Concept
Ghost cells refer to additional boundary cells that are replicated or exchanged between neighboring computational domains or processors.
Data Exchange
Using MPI_Isend and MPI_Irecv synchronously for the exchange, so MPI_Waitall is needed to wait for the receiver to finish. Running a 3000x3000 matrix with 20 processes takes 34.5 seconds.
static void exchange(Solver* solver)
{
MPI_Request requests[4] = { MPI_REQUEST_NULL,
MPI_REQUEST_NULL,
MPI_REQUEST_NULL,
MPI_REQUEST_NULL };
/* exchange ghost cells with top neighbor */
if (solver->rank + 1 < solver->size) {
int top = solver->rank + 1;
double* src = solver->p + (solver->jmaxLocal) * (solver->imax + 2) + 1;
double* dst = solver->p + (solver->jmaxLocal + 1) * (solver->imax + 2) + 1;
MPI_Isend(src, solver->imax, MPI_DOUBLE, top, 1, MPI_COMM_WORLD, &requests[0]);
MPI_Irecv(dst, solver->imax, MPI_DOUBLE, top, 2, MPI_COMM_WORLD, &requests[1]);
}
/* exchange ghost cells with bottom neighbor */
if (solver->rank > 0) {
int bottom = solver->rank - 1;
double* src = solver->p + (solver->imax + 2) + 1;
double* dst = solver->p + 1;
MPI_Isend(src, solver->imax, MPI_DOUBLE, bottom, 2, MPI_COMM_WORLD, &requests[2]);
MPI_Irecv(dst, solver->imax, MPI_DOUBLE, bottom, 1, MPI_COMM_WORLD, &requests[3]);
}
MPI_Waitall(4, requests, MPI_STATUSES_IGNORE);
}
But using MPI_Send and MPI_Recv for the matrix of the same size results in a runtime of 35.6 seconds.
Matrix Boundary
For example, using 4 processes to compute matrix 12x12, having 3 internal cells and 2 boundary cells in each cell, resulting in the following outcome from the solution provided in the exercise.

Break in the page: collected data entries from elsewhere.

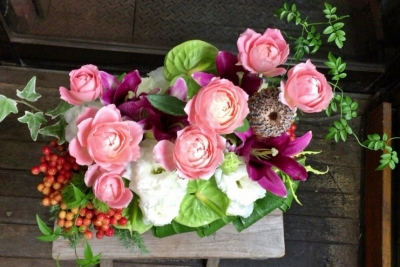 オータムブーケレッスン開催 お昼の部 9月14日(水) 13:30〜 *** ジャズライブ出演のお祝用に横浜市へお送りしました。 温かみのあるピンクのバラ、ラシャンスに、 赤紫のユリやちょっと個性的なお花、バンクシャーなどを合わせて。 ボーカルの女の子宛です。 ジャズライブ行って歌声聴いてみたかったなぁ〜。 *** 人形町で行...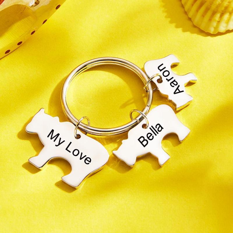 Individuell Gravierter Bärenfamilie Schlüsselanhänger Baby Bär Set Schlüsselanhänger
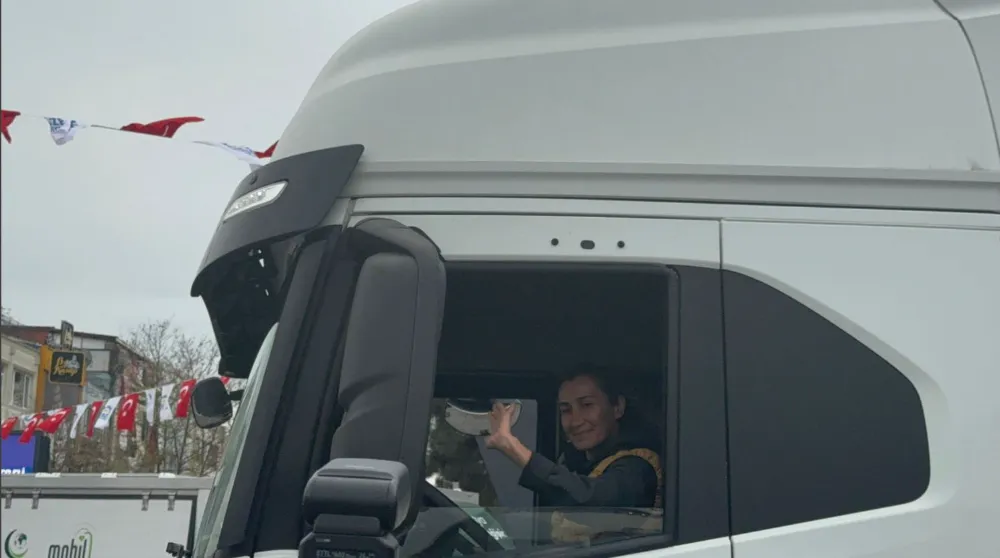 Konvoydaki tırlardan birinin direksiyonundaki kadın sürücü, vatandaşlardan alkış aldı.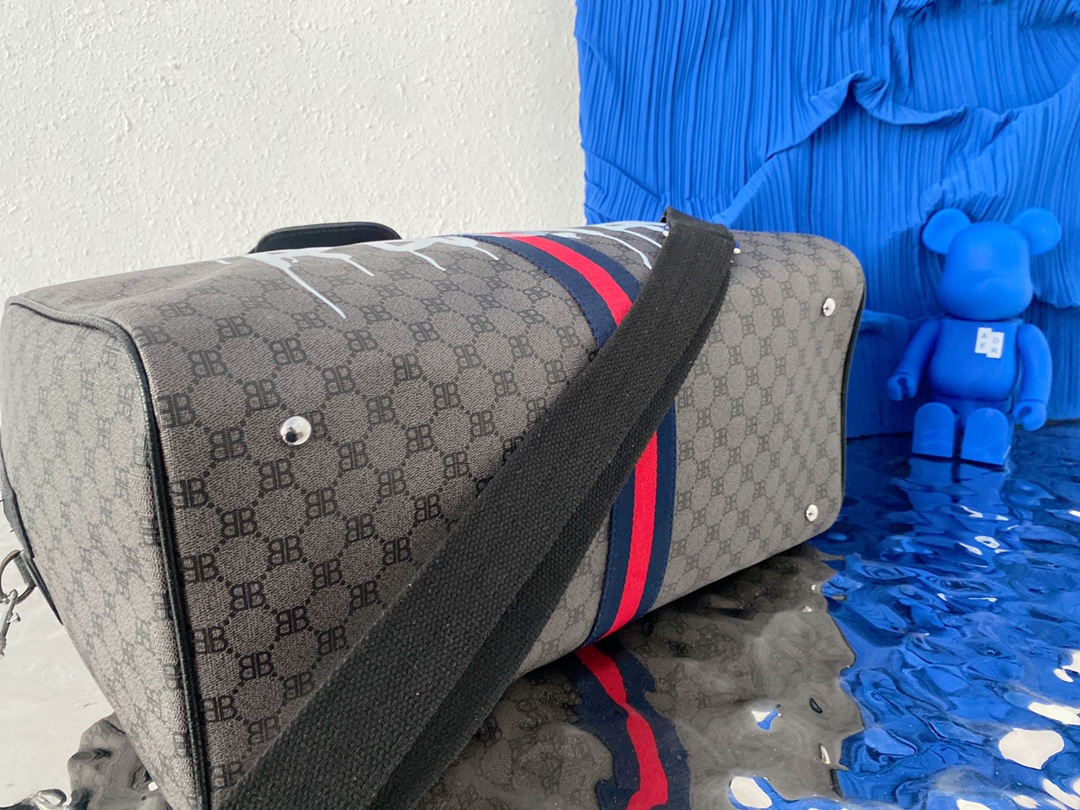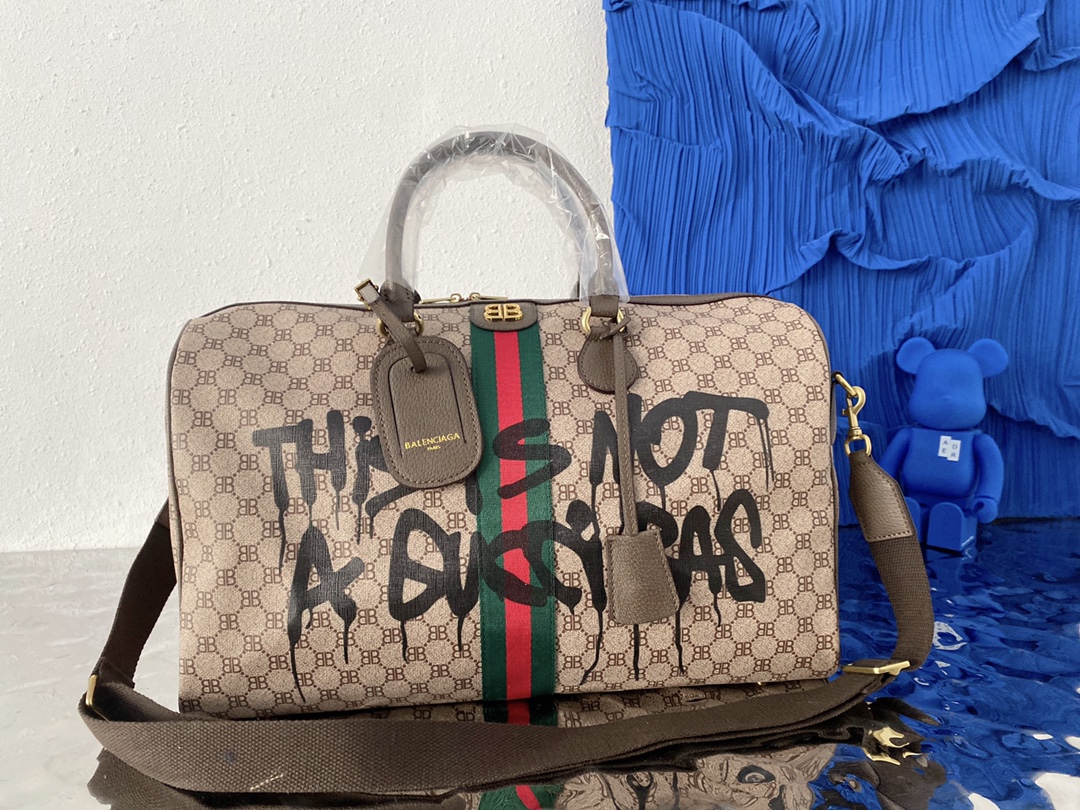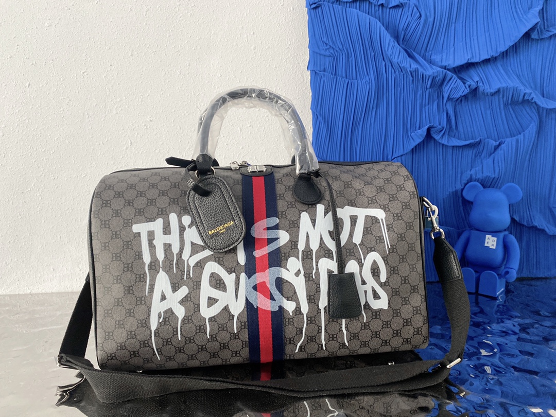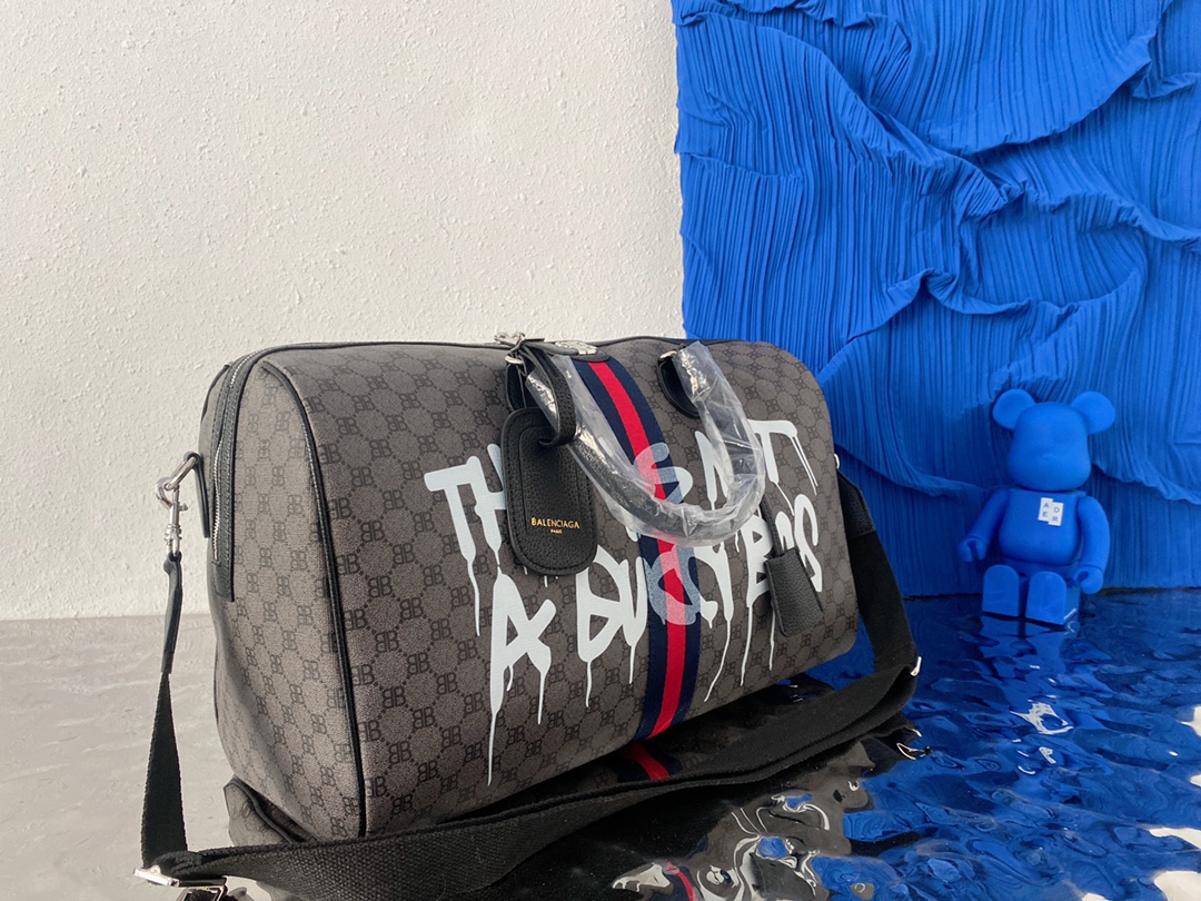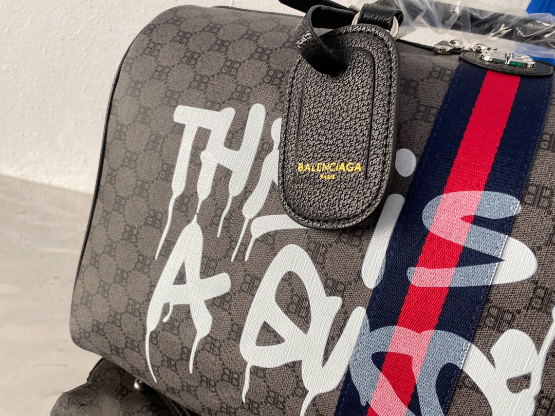 Balenciaga巴黎世家 X Gucci 古奇 Hacker涂鸦涂层世纪联名旅行袋 手提包袋 机场包 采用精湛镶嵌细工,经典百搭 实物拍摄 原厂原版面料 680124 配送小票防尘袋 28 x 46 cm。

But in my solution, I made it a bit more complex by considering that the first-ranked process doesn’t need the top boundary for exchange, and the last-ranked process doesn’t need the bottom boundary. To handle this, I added some if conditions to determine the boundary requirements, which is also makes my exchange function more complex.
int boundaryRow = (solver->rank == 0 || solver->rank == solver->size-1) ? 1 : 2;
Here are my results below. I set all the exchange row values to 0, which makes the first updated result matrix(RHS matrix) a bit different initially. However, in the end, they’ll end up being the same.
Summarize
Even though the outcomes match the solution, I should strive to simplify the program as much as possible.